## INFORMATION SUPPLIED
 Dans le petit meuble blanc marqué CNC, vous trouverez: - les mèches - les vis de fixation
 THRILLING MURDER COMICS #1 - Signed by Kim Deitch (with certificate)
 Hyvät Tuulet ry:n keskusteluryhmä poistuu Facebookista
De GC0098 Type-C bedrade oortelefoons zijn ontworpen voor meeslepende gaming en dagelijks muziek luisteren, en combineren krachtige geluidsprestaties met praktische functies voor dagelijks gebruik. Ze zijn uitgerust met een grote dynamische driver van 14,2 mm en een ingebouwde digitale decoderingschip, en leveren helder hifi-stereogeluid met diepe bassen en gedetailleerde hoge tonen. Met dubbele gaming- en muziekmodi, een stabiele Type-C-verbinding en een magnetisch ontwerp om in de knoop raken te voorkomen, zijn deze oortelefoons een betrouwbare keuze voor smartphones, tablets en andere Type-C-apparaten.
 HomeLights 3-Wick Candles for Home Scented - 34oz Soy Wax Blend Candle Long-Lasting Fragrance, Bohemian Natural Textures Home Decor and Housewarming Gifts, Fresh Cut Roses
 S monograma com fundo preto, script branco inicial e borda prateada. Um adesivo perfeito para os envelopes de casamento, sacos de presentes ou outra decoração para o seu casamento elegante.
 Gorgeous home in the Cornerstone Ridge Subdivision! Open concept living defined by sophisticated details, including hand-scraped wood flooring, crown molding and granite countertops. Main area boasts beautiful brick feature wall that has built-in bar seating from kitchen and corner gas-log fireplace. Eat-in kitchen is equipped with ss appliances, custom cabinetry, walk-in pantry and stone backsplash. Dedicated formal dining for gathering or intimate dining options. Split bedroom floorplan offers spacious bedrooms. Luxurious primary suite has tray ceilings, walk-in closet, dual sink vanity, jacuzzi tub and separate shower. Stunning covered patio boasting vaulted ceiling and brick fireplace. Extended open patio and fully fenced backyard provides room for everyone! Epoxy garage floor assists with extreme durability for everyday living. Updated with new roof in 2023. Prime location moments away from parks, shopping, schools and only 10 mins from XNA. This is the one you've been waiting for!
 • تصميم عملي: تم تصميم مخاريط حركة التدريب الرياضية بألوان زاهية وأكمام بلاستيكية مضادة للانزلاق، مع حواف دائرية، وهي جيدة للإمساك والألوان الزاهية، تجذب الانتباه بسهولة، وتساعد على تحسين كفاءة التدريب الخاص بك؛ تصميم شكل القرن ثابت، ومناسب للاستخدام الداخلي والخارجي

## ACTION ITEM
Of the records above, copy each line that includes "with".

## ANSWER BOX
 THRILLING MURDER COMICS #1 - Signed by Kim Deitch (with certificate)
 Gorgeous home in the Cornerstone Ridge Subdivision! Open concept living defined by sophisticated details, including hand-scraped wood flooring, crown molding and granite countertops. Main area boasts beautiful brick feature wall that has built-in bar seating from kitchen and corner gas-log fireplace. Eat-in kitchen is equipped with ss appliances, custom cabinetry, walk-in pantry and stone backsplash. Dedicated formal dining for gathering or intimate dining options. Split bedroom floorplan offers spacious bedrooms. Luxurious primary suite has tray ceilings, walk-in closet, dual sink vanity, jacuzzi tub and separate shower. Stunning covered patio boasting vaulted ceiling and brick fireplace. Extended open patio and fully fenced backyard provides room for everyone! Epoxy garage floor assists with extreme durability for everyday living. Updated with new roof in 2023. Prime location moments away from parks, shopping, schools and only 10 mins from XNA. This is the one you've been waiting for!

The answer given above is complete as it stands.